Nelson writes that Ald. George Hagopian went ballistic after being told a supporter would have to wait two years for a slip.

“You goddamned son of a b----,” Nelson writes Hagopian said on the phone. “I know how you got your job, and I’m telling you now I won’t rest until you’re out of there, mother------.”

He was offered jobs for family members, cars, piles of cash and a couple weeks in a penthouse condominium in Acapulco, Mexico, including a companion.

“The guys who would put $100 on the counter were the wise guys — not mob, just not very smart,” Nelson said.

He said he rejected all of them and would casually mention the FBI was still snooping around whenever things got too tense.

Nelson said he went with transparency to win over the boaters. He posted the list of when slips would be available on the front counter and put the master file in the treasurer’s office so neither he nor anyone else could tamper with it.

He both literally cleaned up the filthy harbors and metaphorically. He said he had nothing to do with it, but police shut down a boat the mob was using as a brothel early in his tenure.

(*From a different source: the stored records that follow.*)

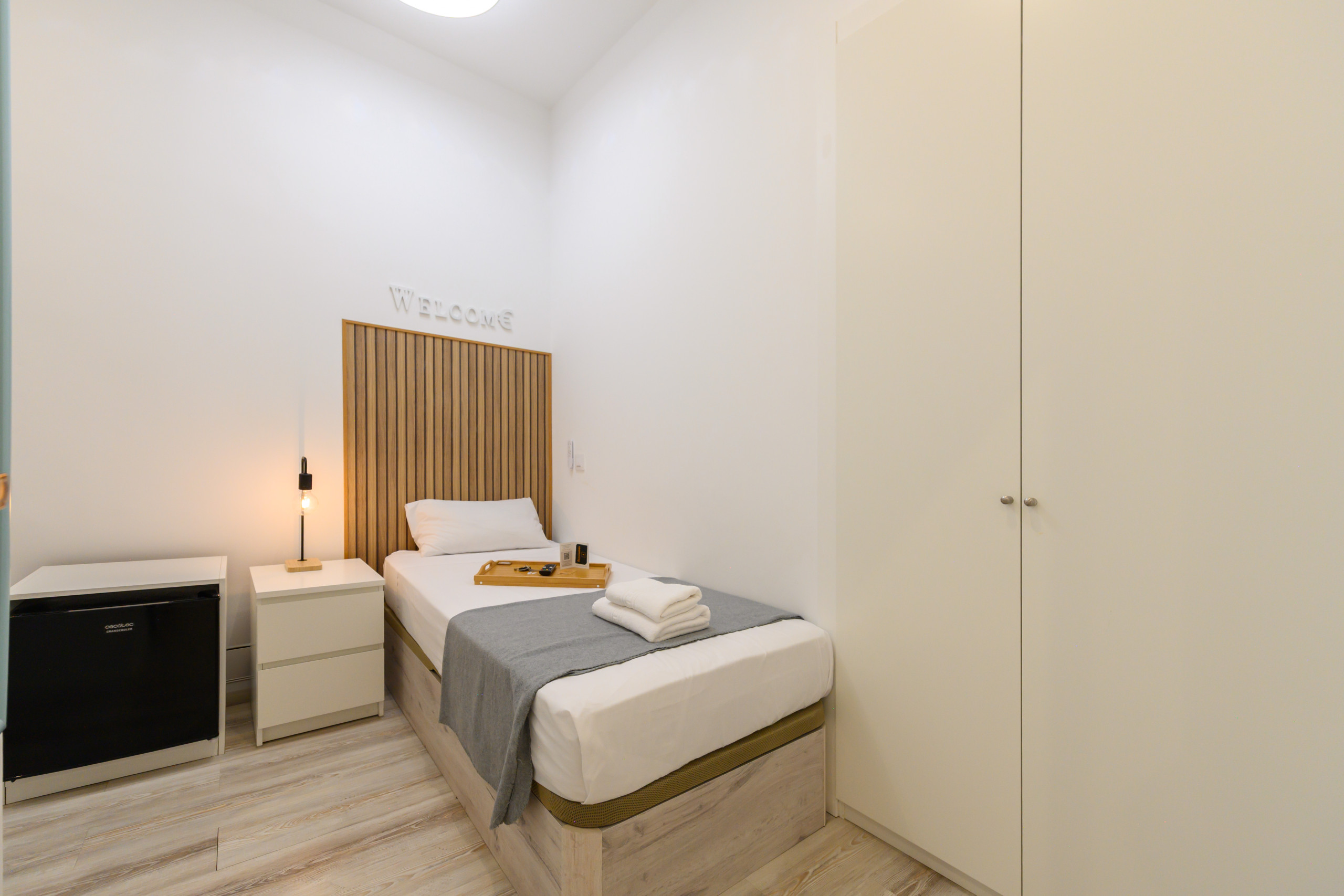 Piso de alquiler Temporal. Habitación 9 – Singapur: Habitación boutique. Cuenta con todas las comodidades, desde la cama con un colchón premium, canapé con gran almacenaje, escritorio + silla, hasta smart TV, climatización, caja fuerte, plancha+tabla, cargador inalámbrico, cerradura inteligente, 2 juegos de toallas y sábanas.
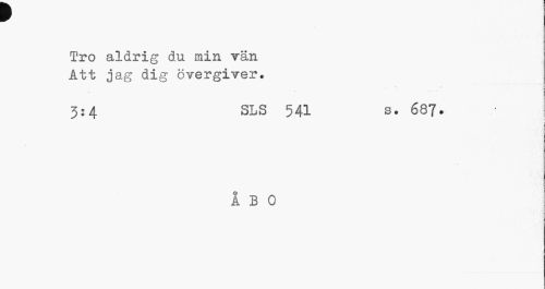 //// Tro aldrig du min vän Att jag dig övergiver. //// | //// 3:4 SLS 541 s. 687. I //// f I //// ÅBO I ////
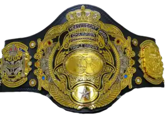 Unlike most unified championships, the Triple Crown was originally represented through the continued use of the three individual championship belts. From 1989 to 2000, the holder of the Triple Crown was also presented by Nippon TV (AJPW's broadcaster at the time) with a large, globe-shaped trophy bearing the words "World Heavyweight Champion". The original title belts were returned to All Japan founder Giant Baba's widow Motoko in August 2013 and a new single title belt incorporating designs from the three original belts was made.[2] The new title belt, which featured three plates representing the three original title belts, was unveiled on October 27.[3] One of the plates includes the text "Jumbo Tsuruta Apr. 18 1989", representing the crowning of the inaugural champion.[4] There have been a total of 31 recognized champions who have had a combined 70 official reigns. Six men in history have held the championship for a continuous reign of one year (365 days) or more: Mitsuharu Misawa, Suwama, Kento Miyahara (who have each achieved the feat twice), Jumbo Tsuruta, Satoshi Kojima and Toshiaki Kawada.
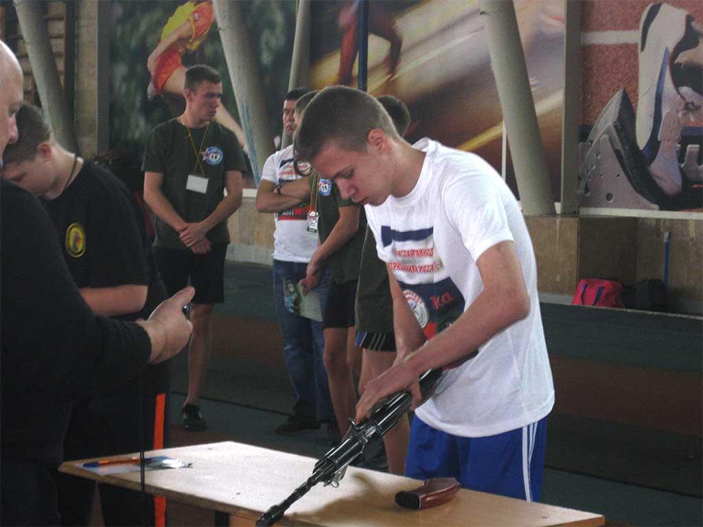 Ребята состязались в беге на 60 метров, разборе и сборе автоматов, подтягивании на перекладине, прыжках со скакалкой, стрельбе и выполнении интеллектуальных тестов.
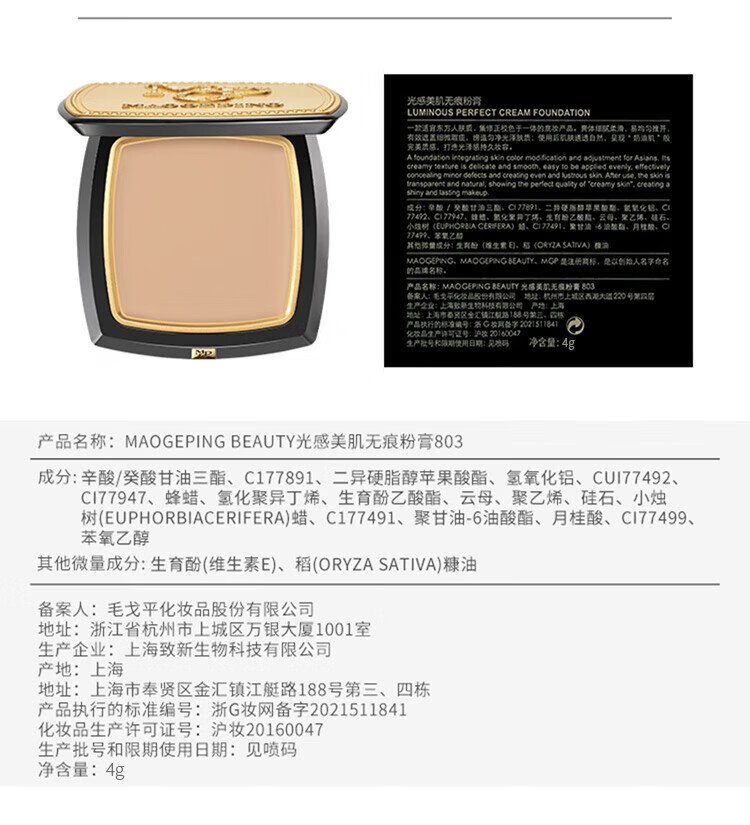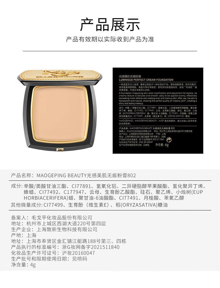 Mao Geping light-sense beauty seamless powder cream concealer foundation #802 light pink 7.5g birthday gift for women

After his first year, he was promoted to special services superintendent and put in charge of pretty much everything on the lakefront that wasn't the museums or Soldier Field.

And then as suddenly as he was in, he was out.

Nelson said in 1993, late in Mayor Richard M. Daley’s first term, he got a letter saying he was done at the Park District. Shortly after, the city started discussions to privatize the operation of the harbors.

Nelson moved on. He worked in harbors in Hammond, Ind., and elsewhere before retiring to South Shore.

He said it’s a different political world now in Chicago and patronage means a lot less.

“That doesn’t happen now. People are all swayed by the media and all the jobs are gone,” Nelson said.

He credits Washington with changing the culture of Chicago and allowing the city to finally clean up its act.

For bureaucrats today, he advised they enshrine transparency and keep an eye out for the lifers in every department who have weathered enough political storms to have some immunity from political struggles and have the luxury to focus on doing the job right.